On 2019-09-05, Peter Zijlstra peterz@infradead.org wrote:
On Thu, Sep 05, 2019 at 07:26:22PM +1000, Aleksa Sarai wrote:
On 2019-09-05, Peter Zijlstra peterz@infradead.org wrote:
On Thu, Sep 05, 2019 at 06:19:22AM +1000, Aleksa Sarai wrote:
while (rest > 0) {
size_t bufsize = min(rest, sizeof(buffer));
if (__copy_from_user(buffer, addr, bufsize))
return -EFAULT;
if (memchr_inv(buffer, 0, bufsize))
return -E2BIG;
addr += bufsize;
rest -= bufsize;
}
The perf implementation uses get_user(); but if that is too slow, surely we can do something with uaccess_try() here?
Is there a non-x86-specific way to do that (unless I'm mistaken only x86 has uaccess_try() or the other *_try() wrappers)?
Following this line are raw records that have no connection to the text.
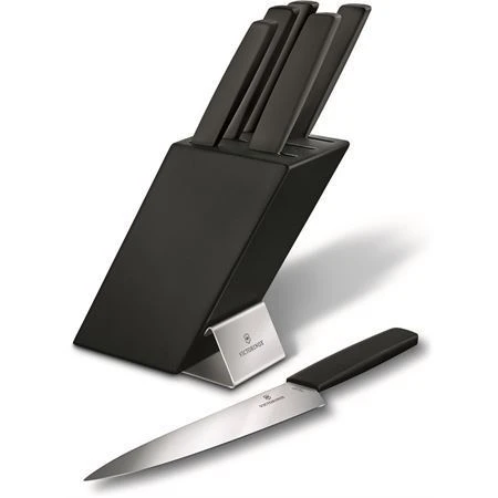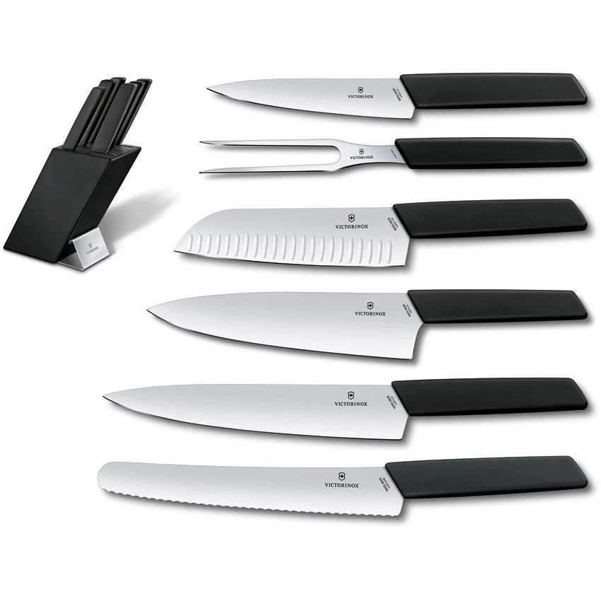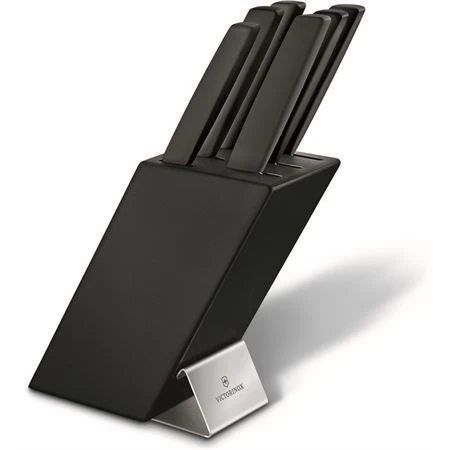 Model – VN6718663. Swiss Modern 6pc Knife Set. Stainless blade. Black synthetic handle. Includes: Bread knife with 8.63 inch blade; Carving knife with 8.63 inch blade; Carving knife with 7.88 inch wide blade; Santoku with 6.63 inch blade; Utility with 6 inch blade; Carving fork with 6 inch tines. Black beechwood storage block. Boxed. . Made in Switzerland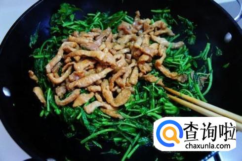 然后盛出放入盘子里,这样香椿炒肉就做好了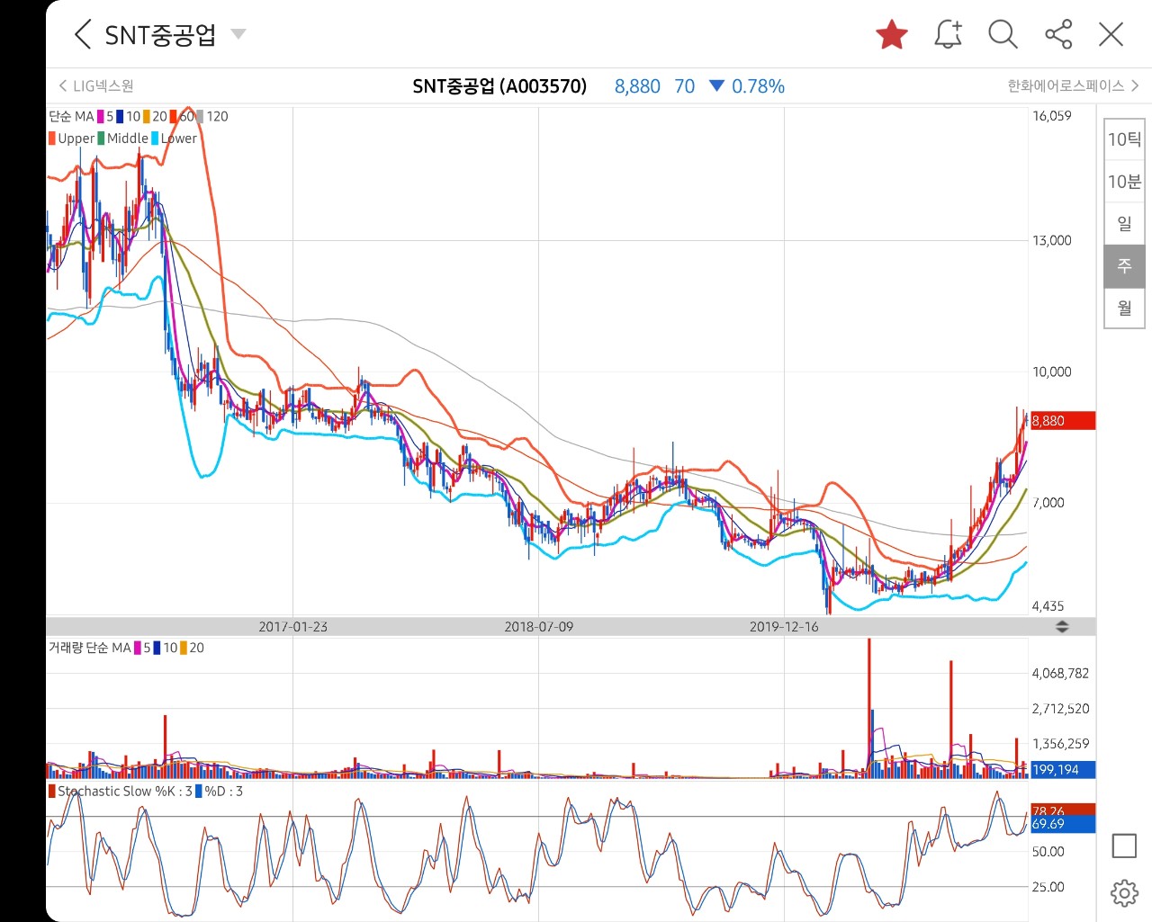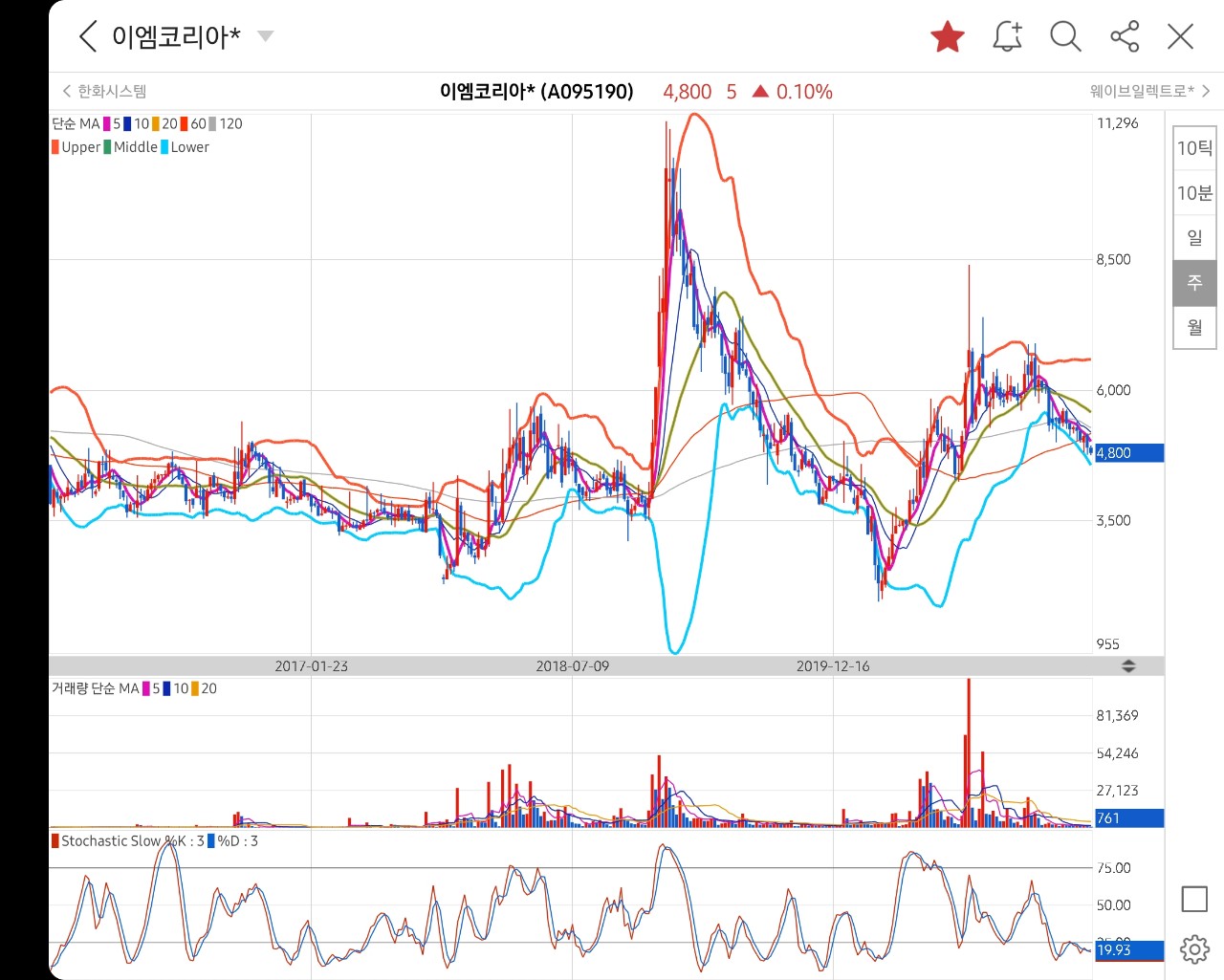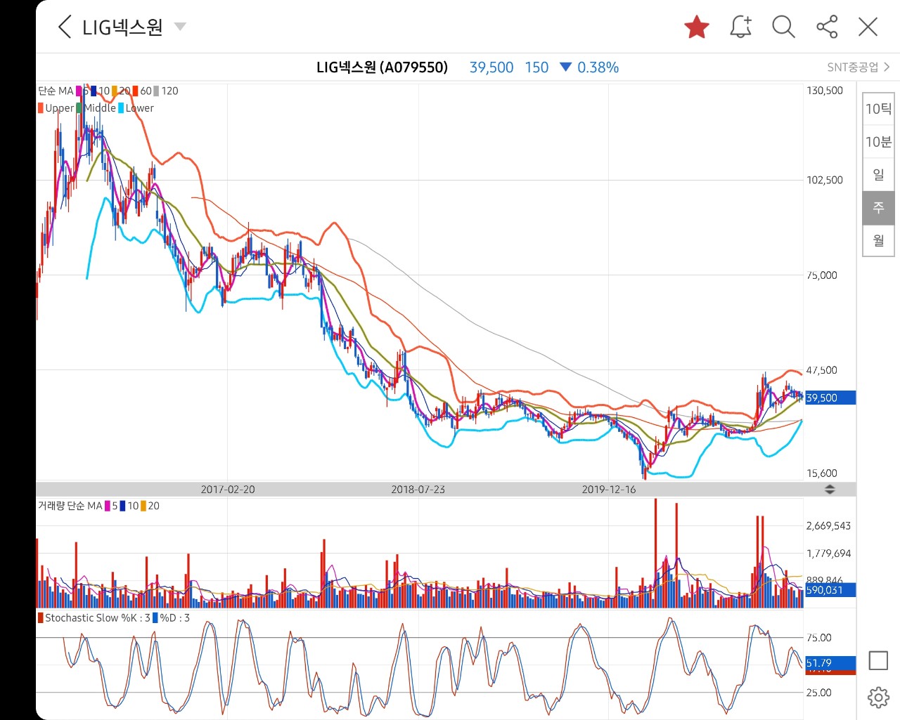 주봉차트 상 저점을 찍고 상승 중인 흐름을 보여주고 있습니다.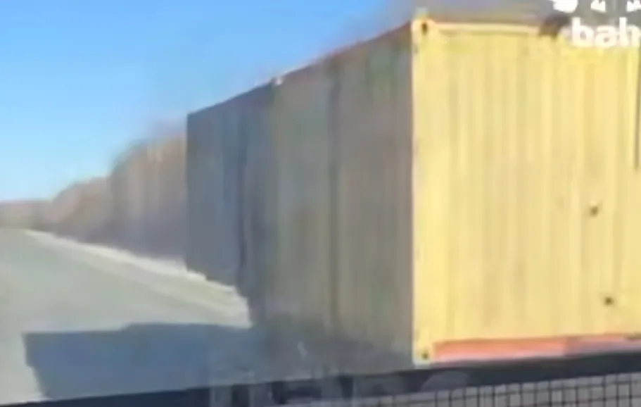 На федеральной трассе Р-258 в Забайкалье зафиксировали грузовик, тащивший сразу пять контейнеров, установленных поперёк платформы.

The main "performance improvement" (if you can even call it that) is that we use memchr_inv() which finds non-matching characters more efficiently than just doing a loop.
Oh, you're right, that's x86 only :/
Though, I just had an idea -- am I wrong to think that the following would work just as well (without the need for an intermediate buffer)?
if (memchr_inv((const char __force *) src + size, 0, rest)) return -E2BIG;
Or is this type of thing very much frowned upon? What if it was a separate memchr_inv_user() instead -- I feel as though there's not a strong argument for needing to use a buffer when we're single-passing the __user buffer and doing a basic boolean check.